The adaptive engine tracks your performance across every topic and automatically routes more questions to your weakest areas. If you are strong on Federal and State Laws Pertaining to Real Estate but weak on Property Rights and Estates, your study sessions rebalance automatically — so every minute you spend practicing is targeted at the areas most likely to affect your score.
Start with the free diagnostic to get a clear baseline before you begin studying. The diagnostic identifies your current strengths and weaknesses across all exam topics and generates a personalized study plan based on your results.
Frequently Asked Questions
- How many questions are on the Florida real estate sales associate exam?
- The Florida real estate sales associate exam has 100 multiple-choice questions, all weighted equally. The exam is a single combined test — Florida-specific law and general real estate concepts appear interwoven throughout, not split into separate national and state portions as in many other states. You have 3.5 hours (210 minutes) to complete it.
- What is the passing score on the Florida real estate exam?
- 75 out of 100, or 75%. All questions are worth one point, and you must answer at least 75 correctly to pass. There is no separate passing requirement for any section — the entire exam is scored as a single combined total.
- How long do I have to wait to retake the Florida real estate exam if I fail?
- 24 hours. You may schedule a retake as soon as 24 hours after your last attempt, subject to seat availability at the testing center. There is no statutory limit on the number of times you may retake the exam, but each attempt requires a new $36.75 exam fee paid to Pearson VUE. If you want to see which questions you answered incorrectly, DBPR offers an optional paid exam review — but the request to review must be made within 21 days from the date of the exam, and reviews cover only the questions you answered incorrectly on your most recent exam. For the full breakdown of FREC scoring rules and the two-year course-validity rule, see our guide to the 75-point passing standard and retake rules.

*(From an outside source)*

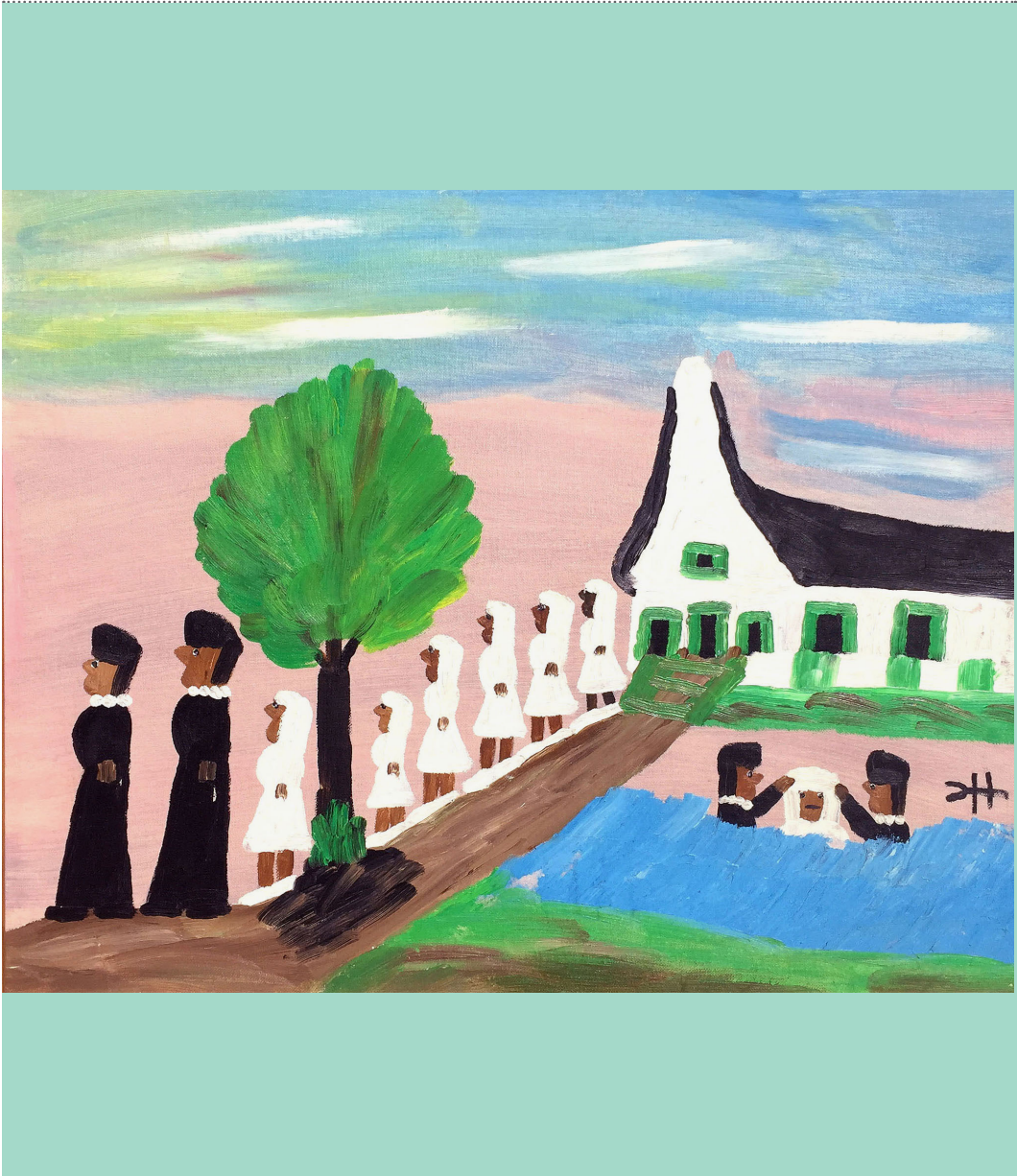
Clementine Hunter, Baptism, ca. 1970

BAPTISM OF THE LORD JANUARY 7, 2018 • 11:00 AM

- What happens if I fail the Florida real estate exam?
- Save your official result report and use any diagnostic information it provides to guide your retake plan. Focus especially on Florida license law, brokerage relationships, math-heavy questions, and any content areas that felt weak during the exam. You may reschedule 24 hours later, and there is no limit on retakes — but each one costs another $36.75. You must also pass the exam within two years of completing your 63-hour pre-license course; if more than two years pass, you must retake the course before becoming eligible to test again.